Wednesday, September 10, 2014

Viagra and hormonal causes of ED

Viagra (Sildenafil) relaxes muscles and increases blood flow to particular areas of the body. Viagra is used to treat erectile dysfunction (impotence) in men. Another brand of sildenafil is Revatio, which is used to treat pulmonary arterial hypertension and improve exercise capacity in men and women. Erectile Dysfunction is highly prevalent, is age related and can be progressive. At least 50 percent of all men ages 40 to 70 years old have some degree of E.D. Effects on physical and emotional health can be profound. The usual body builder will likely use some anabolic hormonal augmentation to achieve desired physical “cosmetic effects”.

The most common anabolic pharmacologic agents used are:
1.Testosterone of different kinds (injectibles, testosterone mixtures etc.); sometimes topical testosterone also.
2.Nandrolone anabolic agents, which are more anabolic than androgenic, which may include Nandrolone Undecanoate (Deca), Oxandrolone, Stanazalol, Oxymethalone and many others.

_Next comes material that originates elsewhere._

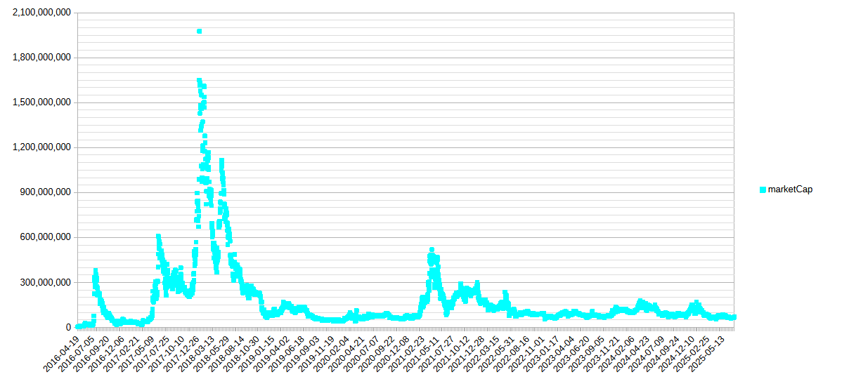 Update (July 11): This reply from @pennsif made me curious. Here's a graph of Steem's historical market cap. Looks to me like Steem has been in the micro cap range for most of its history, but it has transitioned (briefly) all the way from nano cap to mid cap. (historical data from @officialcmc)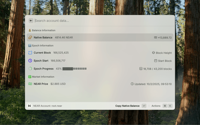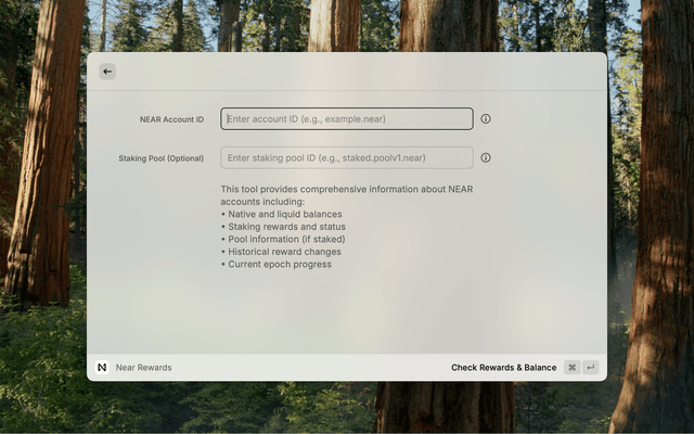 - Install the NEAR Rewards extension from the Raycast Store

When you look at the chemical structures of the nandrolones you will see that many look like the synthetic progestin (progesterone) family of hormones. That is why many of the nandrolone anabolic agents have central nervous system depressing effects like the progestins. Some years ago male sex offenders were given injections of methyl provera acetate (a potent synthetic progestin) to suppress deviant sexual behaviors. The progesterone / progestin sex hormones are central nervous system and sexual depressants.


The nandrolones since they do not convert (aromatize) to estrogen have negative (depressing) sexual effects in the brain with loss of sexual desire and erectile dysfunction. The estrogen component of natural T is necessary to relax blood vessels and facilitate sexual desire in the brain.
Other agents used by body builders may include:
a) Cytomel (T3)-the potent form of thyroid to increase metabolism and burn fat. T3 can cause excitement and can decrease penile blood flow.
b) Diuretics – used before contests to remove fluid to enhance muscle vein prominence.
c) Stimulants before training or to lose weight. All stimulants decrease penile blood flow.

Post Cycle Therapy (PCT) includes agents like Clomid, Tomoxifen, HCG (human chorionic gonadotropin), and Arimidex. Except for HCG all the others either lower or block estrogen levels and can sometimes be anti-sexual.

However when HCG is used estradiol levels go up in a natural proportion to testosterone and many body builders report enhanced sexuality and function. Their testes also may increase in size with HCG.
Male sexual behavior is an interaction between the intra psychic (mind), biology (the body) and relationship (the couple). E.D. can occur from some abnormality in either one of these areas or a mixture. A shift of these domains can affect the other. The results are variable and need to be looked at a case-by-case basis.

Testosterone modulates nitric oxide expression in the penis, which is necessary for erections. Those men who have very low testosterone levels often experience poor results to the erectile drugs like Sildenafil (Viagra) and the others. They also lose morning erections. It is necessary for testosterone to be present to convert (aromatize) to estrogen to have a positive sexual effect in the brain and other tissues (penis).

The goal of most bodybuilding is to achieve a maximum cosmetically aesthetic physical appearance rather than athletic performance goals. Most body builders are not involved in professional competitions, but often follow competitive body building principals in order to achieve the best look cosmetically. This is a big problem.

Body builders can run into problems by sacrificing their cosmetic look goals over their natural internal health. One of the biggest issues is that body builders do cycles of “stack “of multiple androgens and other anabolic agents including many anabolic steroids, insulin, growth hormone etc. Those who start at a young age on various “cycles” may later develop androgen induced hypogonadism or AIH.  A basic rule is that the longer the “cycles” and the older the body builder that more problems will occur over time with erectile function and lowered natural T production. Some get to point later where they cannot make enough of their own natural internal testosterone to have normal erectile function.